= Beginning of Section =
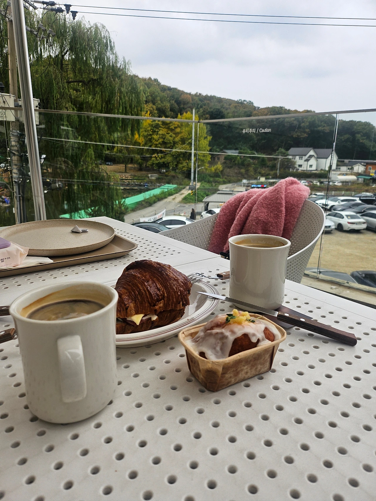 "카페를 사전답사를 하기도 하네" 하면서 남편은 나를 묘한 눈빛으로 놀리듯 바라봤지만 "운전 연습으로 도로 주행한 것이라고 생각해" 하면서 어쩔 수 없는 나도 이런 상황이 어처구니없어서 슬쩍 농담으로 받았다. 아는 언니는 나의 아침부터 사전 답사했다는 말에 웃으면서 재밌어했고 나는 이번 기회에 우리도 이제 좀 달라져야 한다고 몇 번 용기를 얻어보자며 다짐했다. 남들이 우리 이야기를 엿듣노라면 전국을 차로 여행하는 여행자인 줄 알겠지만 운전을 하면서 새로운 곳에 가는 것을 불안해하는 길치인 우리에게는 소소하고 중요한 다짐이다. 내비게이션의 도움을 받고 기억을 살려서 가고 싶던 카페에 도착해서 맛있는 디저트와 커피를 야외에서 마시면서 가을날의 좋은 시간을 즐겼다. 빵도 맛있고 커피도 진하고 좋았다. 물론 돌아오는 길은 조금 더 빨리 좌회전을 해서 남편이 일러준 대로 오지는 못했지만 가다 보니 내가 알던 주변 길이 나왔고 그렇게 길과 길이 만나는 지점을 알게 되니 재밌기도 했다. 오늘 카페탐방은 마치 큰 일이라도 한 듯이 평상시보다 뿌듯한 나들이였다.
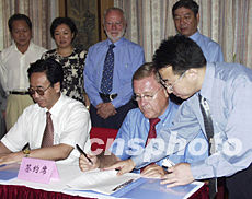 “二00三年全國鄉(xiāng)鎮(zhèn)企業(yè)東西合作經貿洽談暨產品展銷會日前在中國旅游標志“銅奔馬”的故鄉(xiāng)甘肅武威閉幕。貿洽會共簽約項目七百四十五個,總投資一百六十六點七億元人民幣,引進資金一百四十三點三億元。圖為歐盟中國協(xié)會秘書長畢加和、法中協(xié)會主席稚克·溫明登先生分別與甘肅省有關部門就相互合作事宜簽約。作者:楊曉波
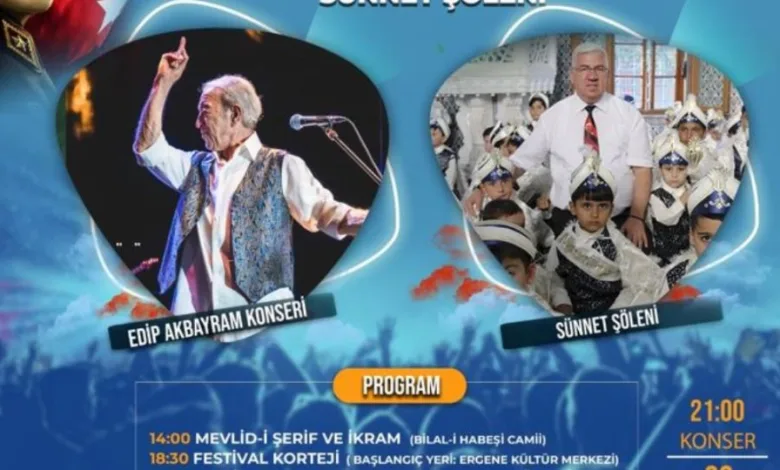 Ergene Belediyesi tarafından geleneksel hale getirilerek her yıl düzenlenen Sünnet Şöleni festivali bu senede düzenlenecek. Ergene Belediyesi tarafından gerçekleştirilecek olan 30 Ağustos Zafer Bayramı kutlamaları ve geleneksel sünnet şöleni festivalinde Anadolu rock müziğinin usta ismi Edip Akbayram konser verecek.
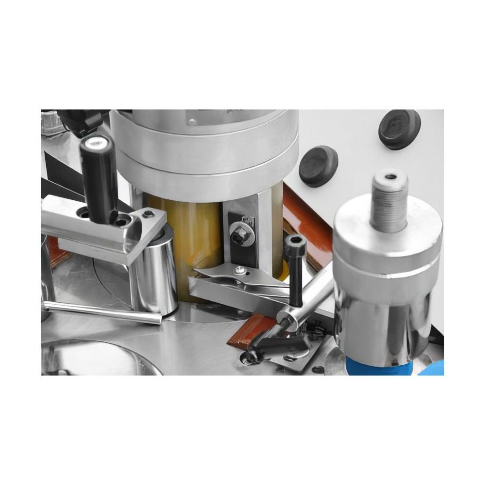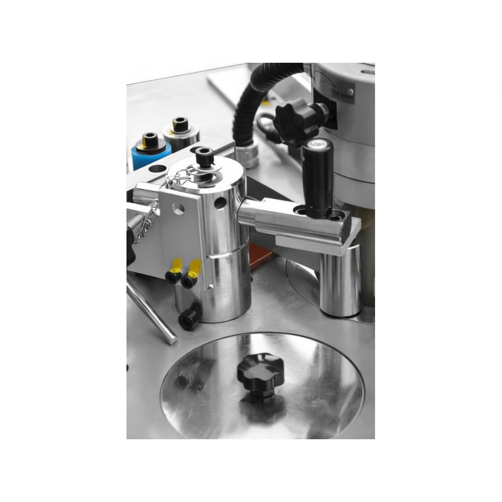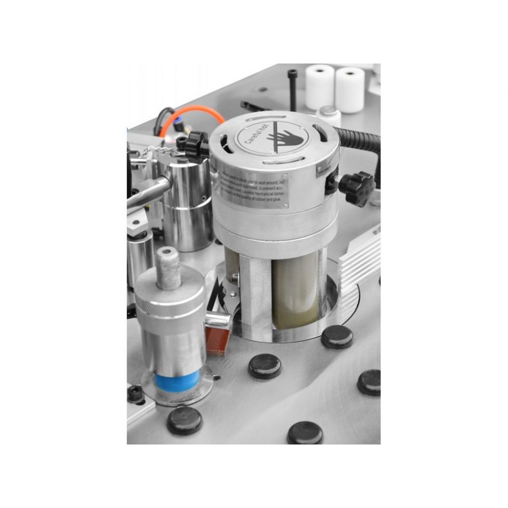 - онащений двома клеєнаносними валами: один вал призначений для нанесення клею розплаву на кромковий матеріал, інший вал для нанесення клею розплаву на край заготовки.
= End of Section =
Output the data exactly as it appears. The pictures do not belong in it.

> _Answer box_
 "카페를 사전답사를 하기도 하네" 하면서 남편은 나를 묘한 눈빛으로 놀리듯 바라봤지만 "운전 연습으로 도로 주행한 것이라고 생각해" 하면서 어쩔 수 없는 나도 이런 상황이 어처구니없어서 슬쩍 농담으로 받았다. 아는 언니는 나의 아침부터 사전 답사했다는 말에 웃으면서 재밌어했고 나는 이번 기회에 우리도 이제 좀 달라져야 한다고 몇 번 용기를 얻어보자며 다짐했다. 남들이 우리 이야기를 엿듣노라면 전국을 차로 여행하는 여행자인 줄 알겠지만 운전을 하면서 새로운 곳에 가는 것을 불안해하는 길치인 우리에게는 소소하고 중요한 다짐이다. 내비게이션의 도움을 받고 기억을 살려서 가고 싶던 카페에 도착해서 맛있는 디저트와 커피를 야외에서 마시면서 가을날의 좋은 시간을 즐겼다. 빵도 맛있고 커피도 진하고 좋았다. 물론 돌아오는 길은 조금 더 빨리 좌회전을 해서 남편이 일러준 대로 오지는 못했지만 가다 보니 내가 알던 주변 길이 나왔고 그렇게 길과 길이 만나는 지점을 알게 되니 재밌기도 했다. 오늘 카페탐방은 마치 큰 일이라도 한 듯이 평상시보다 뿌듯한 나들이였다.
 “二00三年全國鄉(xiāng)鎮(zhèn)企業(yè)東西合作經貿洽談暨產品展銷會日前在中國旅游標志“銅奔馬”的故鄉(xiāng)甘肅武威閉幕。貿洽會共簽約項目七百四十五個,總投資一百六十六點七億元人民幣,引進資金一百四十三點三億元。圖為歐盟中國協(xié)會秘書長畢加和、法中協(xié)會主席稚克·溫明登先生分別與甘肅省有關部門就相互合作事宜簽約。作者:楊曉波
 Ergene Belediyesi tarafından geleneksel hale getirilerek her yıl düzenlenen Sünnet Şöleni festivali bu senede düzenlenecek. Ergene Belediyesi tarafından gerçekleştirilecek olan 30 Ağustos Zafer Bayramı kutlamaları ve geleneksel sünnet şöleni festivalinde Anadolu rock müziğinin usta ismi Edip Akbayram konser verecek.
 - онащений двома клеєнаносними валами: один вал призначений для нанесення клею розплаву на кромковий матеріал, інший вал для нанесення клею розплаву на край заготовки.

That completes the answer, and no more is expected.